─── TASK MATERIAL ───

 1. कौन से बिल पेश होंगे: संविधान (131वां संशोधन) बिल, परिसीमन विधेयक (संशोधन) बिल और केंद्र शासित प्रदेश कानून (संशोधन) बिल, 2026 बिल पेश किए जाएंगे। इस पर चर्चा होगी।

───
─── TASK MATERIAL ───

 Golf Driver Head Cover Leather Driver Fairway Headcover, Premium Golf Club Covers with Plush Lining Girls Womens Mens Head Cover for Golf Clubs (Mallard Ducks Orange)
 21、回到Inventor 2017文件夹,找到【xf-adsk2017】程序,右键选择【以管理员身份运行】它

───
─── TASK MATERIAL ───

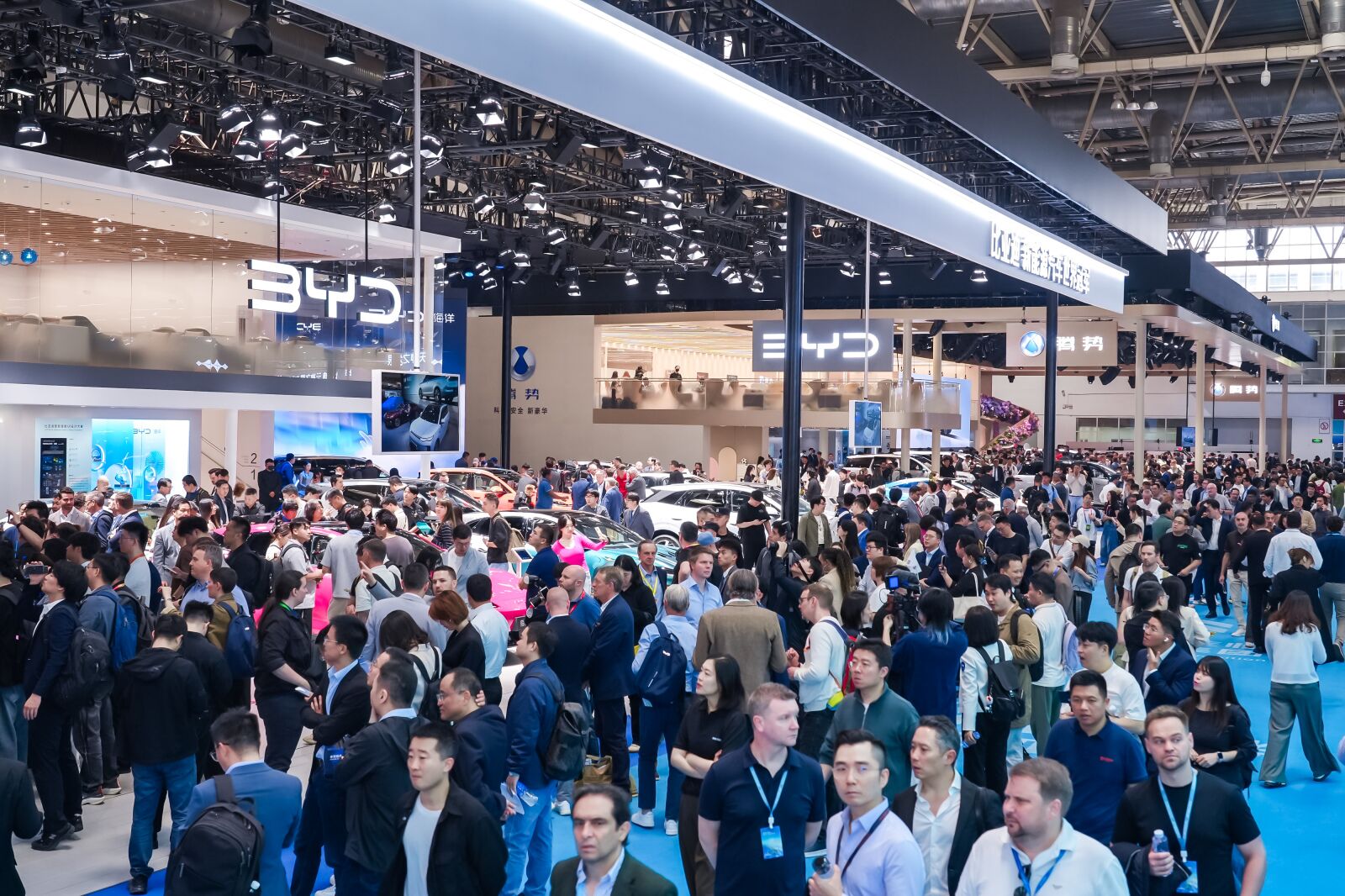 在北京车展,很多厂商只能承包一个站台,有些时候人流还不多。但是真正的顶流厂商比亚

───

Set down exactly the lines of the data above, beginning with the line that has "Golf Driver Head" and ending with the line that has "21、回到Inventor 2017文件", and no others.

 Golf Driver Head Cover Leather Driver Fairway Headcover, Premium Golf Club Covers with Plush Lining Girls Womens Mens Head Cover for Golf Clubs (Mallard Ducks Orange)
 21、回到Inventor 2017文件夹,找到【xf-adsk2017】程序,右键选择【以管理员身份运行】它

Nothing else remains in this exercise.